An OpenAI reasoning model has autonomously disproved a conjecture tied to the planar unit distance problem, an open question in combinatorial geometry posed by Paul Erdos in 1946, according to an announcement published by OpenAI on May 20.
The unit distance problem asks how many pairs of points in a set of n points can be exactly one unit apart. Erdos conjectured specific bounds on this count. The OpenAI model produced a proof that violates those bounds, resolving a question that had resisted human effort for roughly eight decades.
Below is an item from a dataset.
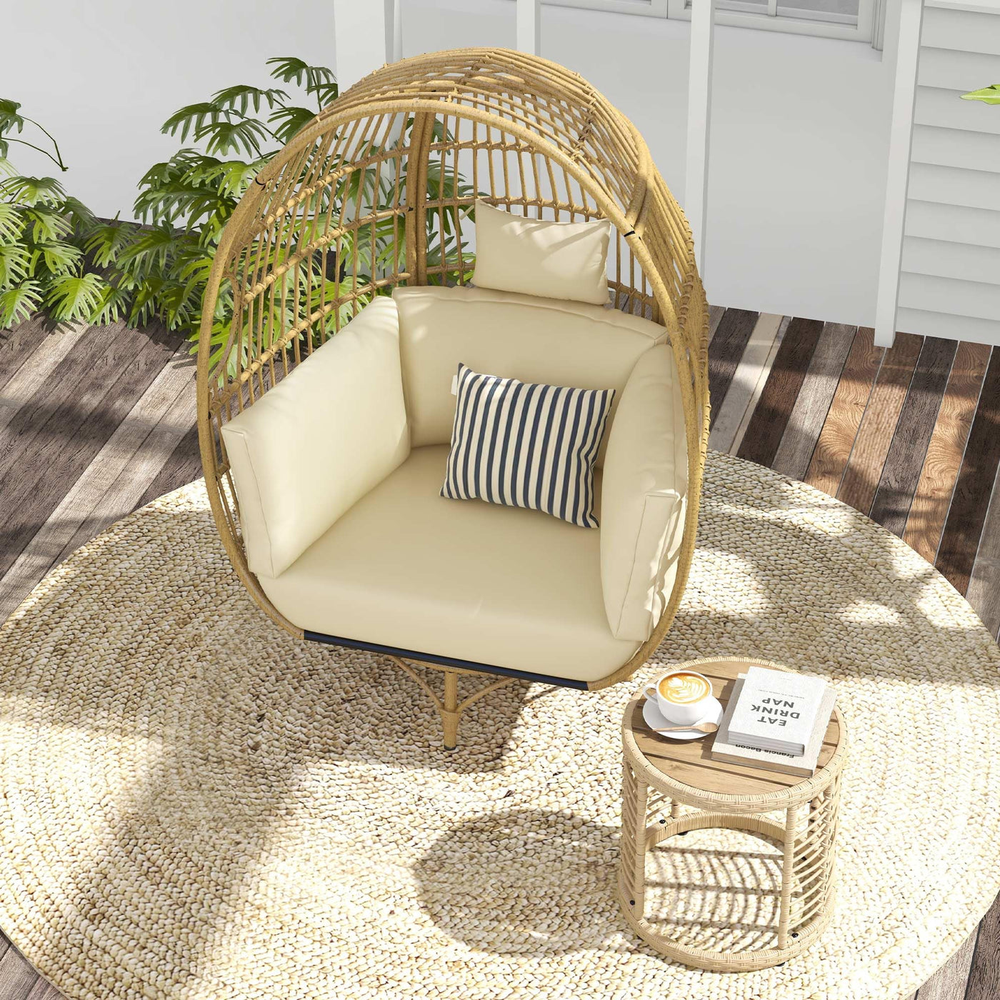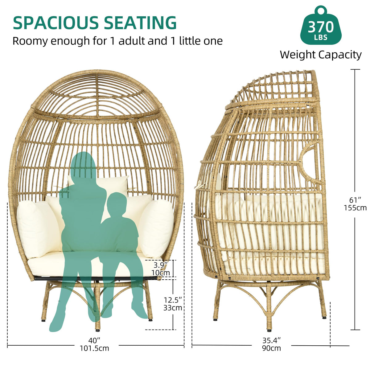 Steps to Ultimate Relaxation: Luxuriate in unrivaled comfort with the deluxe 4-inch padded cushions, lumbar support, and headrest pillows of this oversized basket chair. Whether you crave a cozy reading nook or a spot to unwind, this egg chair offers an elite sanctuary to stretch out and decompress at your leisure. | Seamless 360-Degree Rotation for Maximum Convenience: Effortlessly swivel around and change directions with ease using the one-of-a-kind rotating feature of this egg chair. Revel in the freedom to shift views or engage in conversations without physically relocating the chair itself. | Built to Brave the Elements: Crafted with durable all-weather wicker rattan, this patio egg chair is designed to withstand even the harshest weather conditions. Its robust structure guarantees enduring performance, regardless of the elements. In addition, the water-resistant cushion fabric allows for hassle-free cleaning, even in the event of spills. | Sturdy & Safe: Fashioned with a sturdy black powder-coated frame and a smooth rocker base, this egg chair offers unwavering stability with a weight capacity of up to 400lbs. The incorporation of dual armrests enhances safety and security during your swivel chair experiences. | Sophisticated Indoors & Outdoors: YITAHOME egg chairs transcend conventional outdoor furniture. While they are perfect for outdoor areas like gardens, porches, patios, and pools, they effortlessly infuse a relaxed bohemian vibe into your living room or bedroom. These contemporary pieces exude versatile elegance and seamlessly elevate the aesthetics of different indoor environments.

The technique the model introduced draws from algebraic number theory: constructing algebraic number fields of large degree and small discriminant, using a Golod-Shafarevich criterion argument. That construction is not obvious. It builds on prior theoretical frameworks from Ellenberg-Venkatesh and Hajir-Maire-Ramakrishna, and applying it to the unit distance problem required a non-trivial creative step. Nine external mathematicians, including Noga Alon, W.T. Gowers, Will Sawin, and Melanie Matchett Wood, independently reviewed and verified the proof, according to the paper posted to arXiv.
OpenAI describes this as a significant milestone for AI-assisted mathematics. That framing deserves context. DeepMind’s AlphaProof and AlphaGeometry systems, announced in 2024, solved four of six International Mathematical Olympiad problems, including one at silver-medal difficulty, before any OpenAI model claimed a comparable result. DeepMind’s FunSearch, published in December 2023, discovered new solutions to the cap set problem, another longstanding combinatorics question. OpenAI’s result is meaningfully different in that the target conjecture is a named open problem from the research literature rather than a competition problem, but the claim that an AI has “resolved a prominent unsolved mathematics problem” for the first time is not accurate against the documented record.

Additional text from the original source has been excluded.